I am here to speak in support of S.108. Passage of this legislation would help Oregon's community colleges and business and industry to respond to the job training and economic development needs of the state by:

• Extending to postsecondary occupational programs the same eligibility for equipment gifts from industry that the 1981 federal tax reforms allowed on equipment gifts to university research programs.

• Allowing companies that make their staff available to teach technical and occupational courses, a $100 tax credit for each course a company professional teaches---limited to five courses per year per individual professional.

• Providing a $100 tax credit for each off-term or part-time job that companies provide for a faculty member from an occupational program.

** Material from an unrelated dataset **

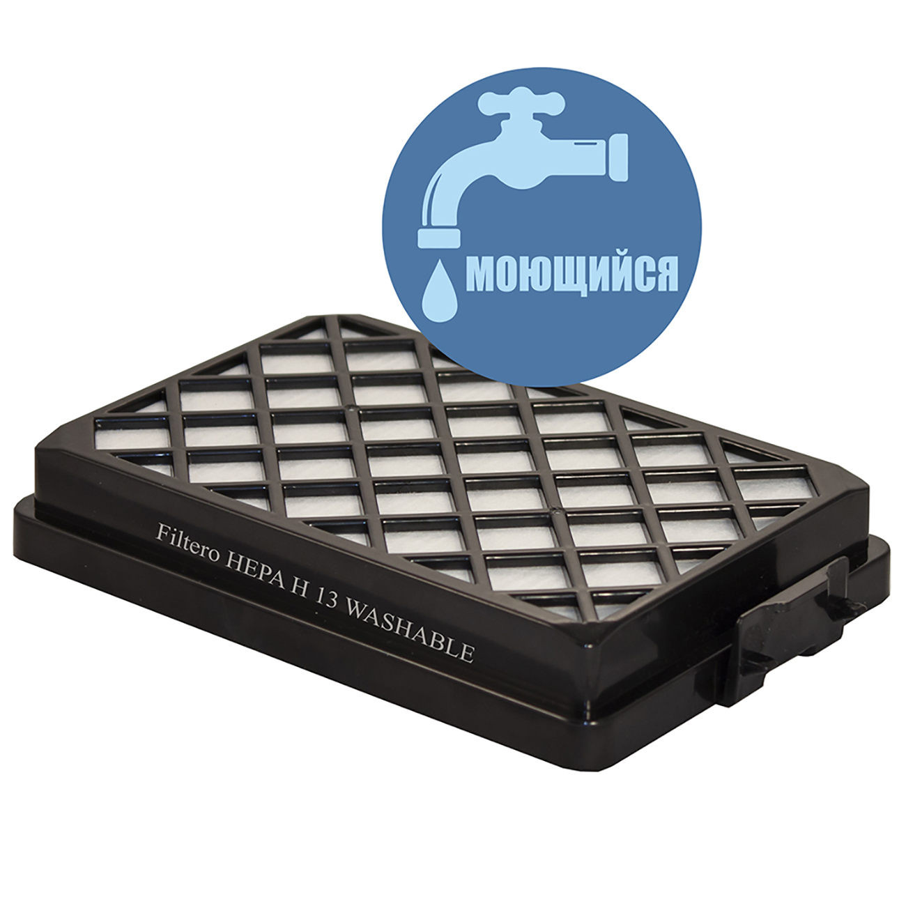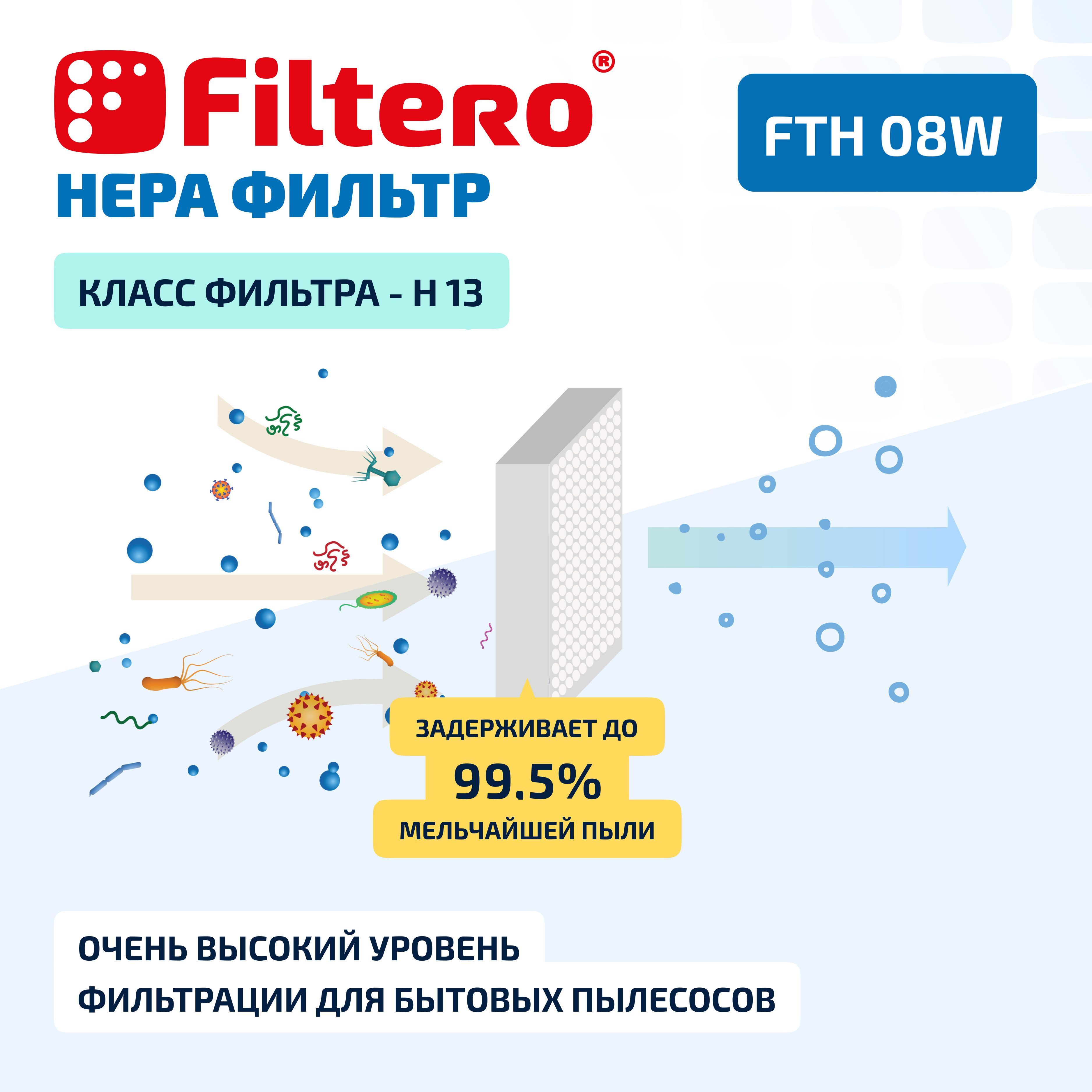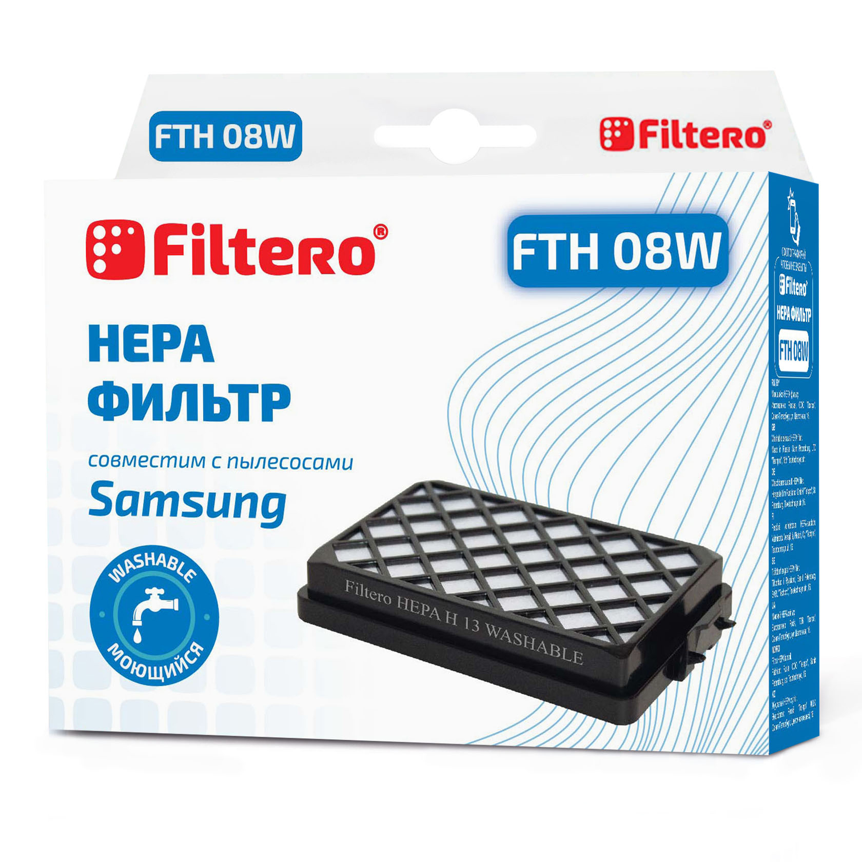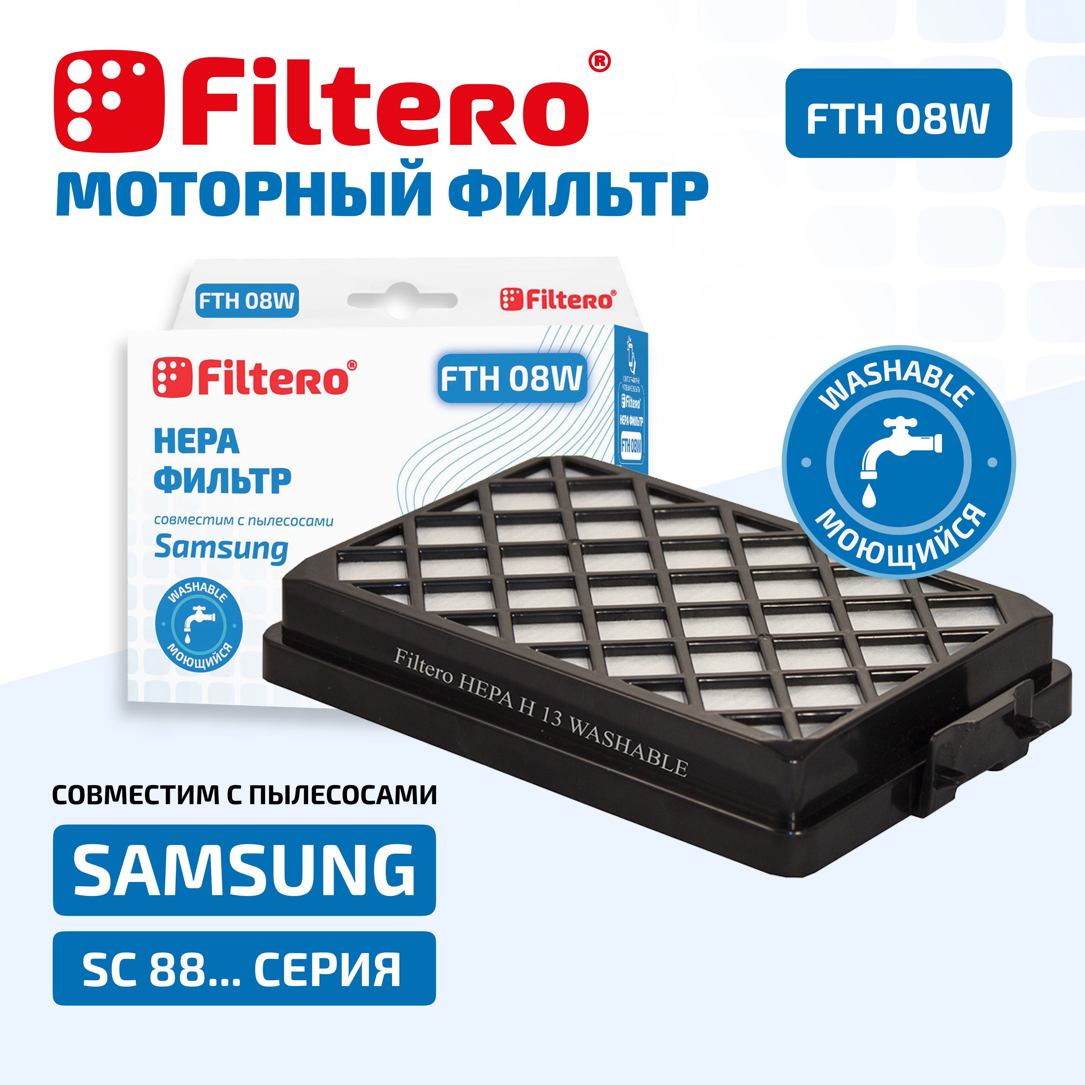 Моющийся НЕРА фильтр для пылесосов SAMSUNG Filtero FTH 08 W (washable) с самым высоким для бытовых фильтров уровнем фильтрации - H13, превосходно задерживает мельчайшие частицы пыли и аллергены с очисткой воздуха до 99,95%.

Community college occupational training in Oregon is, and will continue to be, highly dependent upon cooperative endeavors with business and industry. This bill would seek to further cement the partnership between the education community and business and industry.

Costly acquisition and updating of equipment are necessary if business and industry are to receive employable individuals trained on "state of the art" equipment. A May, 1983 survey of Oregon community colleges by the Oregon Department of Education identified an estimated immediate equipment need of over $5 million just to maintain current occupational/ vocational programs at a minimum level and an additional estimated amount of $16 million to improve those programs to industry standard levels. Due to the tight budgetary picture Oregon is now facing, this need will continue to remain unmet...without the assistance of the private sector.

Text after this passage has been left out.